Re: [RFC][PATCH 0/7] sched: select_idle_siblings rewrite

From: Chris Mason
Date: Wed May 25 2016 - 10:52:32 EST


On Mon, May 09, 2016 at 12:48:07PM +0200, Peter Zijlstra wrote:
> Hai,
>
> here be a semi coherent patch series for the recent select_idle_siblings()
> tinkering. Happy benchmarking..

This took a while, mostly because my original schbench showed your
patches were just as fast as our internal patch, but our production
benchmark showed a 5-10% regression.
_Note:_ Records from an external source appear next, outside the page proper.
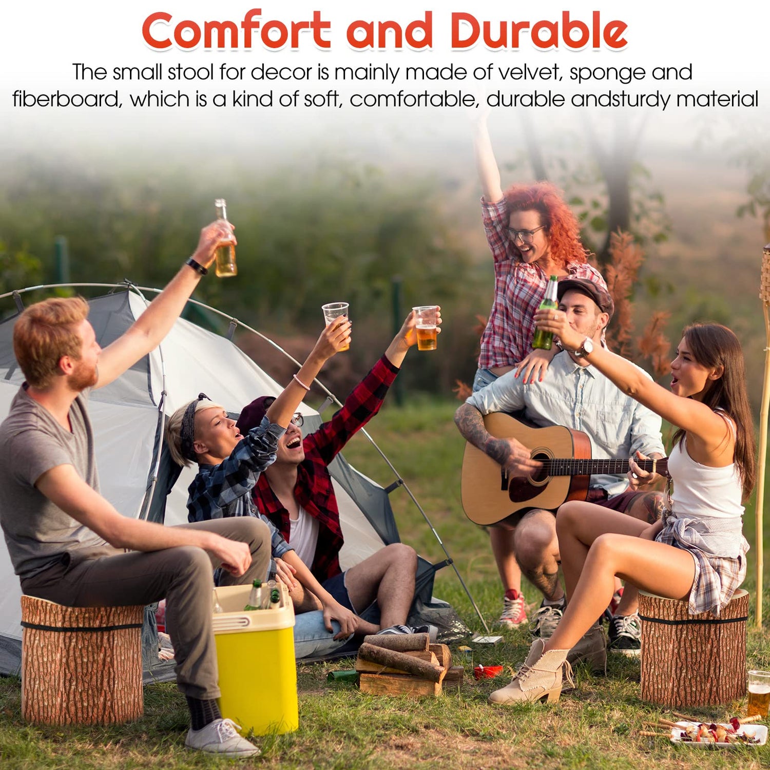 Amylove 3 Pack Tree Stump Storage Stool 12 x 12 Inch Stool Ottoman, Cute Folding Storage Toy Box with Foam Cushion, Collapsible Seat Chest (Classic)
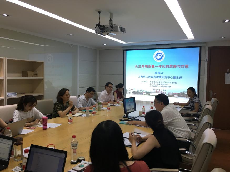 2018年7月3日,我院长三角一体化研究中心、公共政策与公共管理研究所联合举办的长三角一体化系列高层论坛第五讲在38238a威尼斯欢迎你322会议室顺利举行。本次论坛邀请了上海市人民政府发展研究中心副主任周国平做主题报告,题目是“长三角高质量一体化的思路与对策”。我院长三角一体化研究中心团队全体成员及博士生、研究生参加了会议。会议由长三角一体化研究中心主任纪晓岚教授和公共政策与公共管理研究所所长罗建平教授主持。
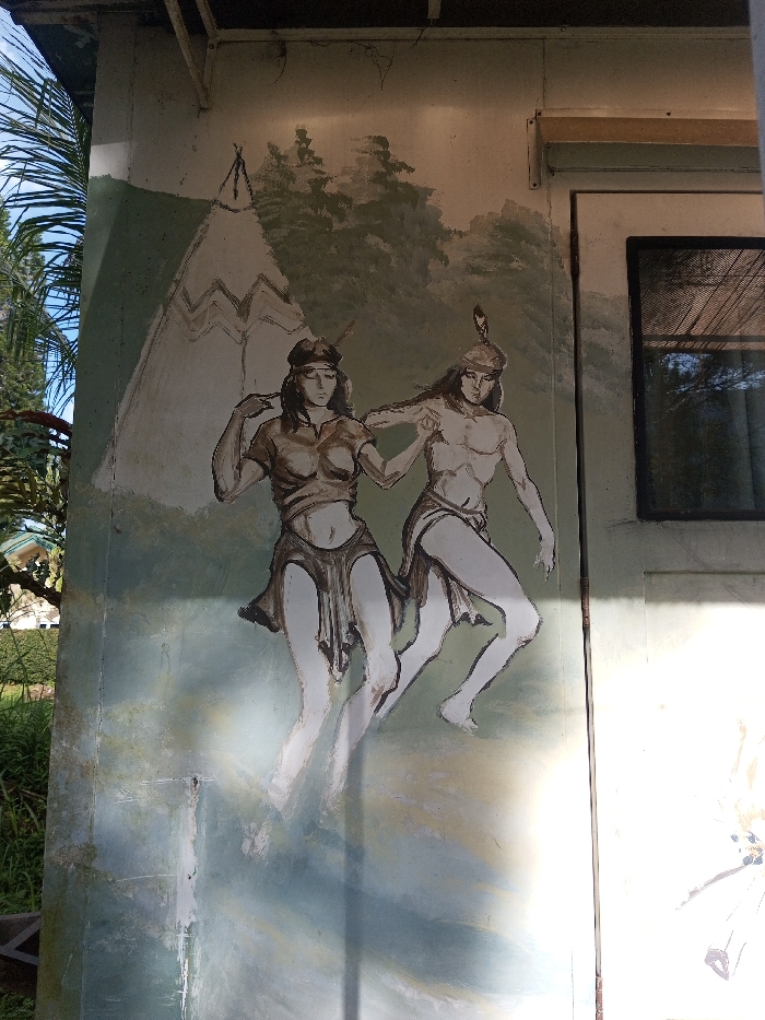 A faded mural graces the side of a building, depicting a Native American man and woman in traditional attire

My theory was just that schbench
wasn't fine grained enough, and the load would stop before the
regression kicked in.

So, I added a -R (--rps) mode to schbench. The goal was a single
command line that ran through an increasing workload and captured the 5%
performance regression from Peter's patch.

The new code is in schbench git:

git://git.kernel.org/pub/scm/linux/kernel/git/mason/schbench.git

In RPS mode each messenger thread queues up requests for the workers.
It records the latency between when the request was queued to when
it was completed. Since the request is just spinning for a specific
amount of wall time, the spintime is subtracted before printing.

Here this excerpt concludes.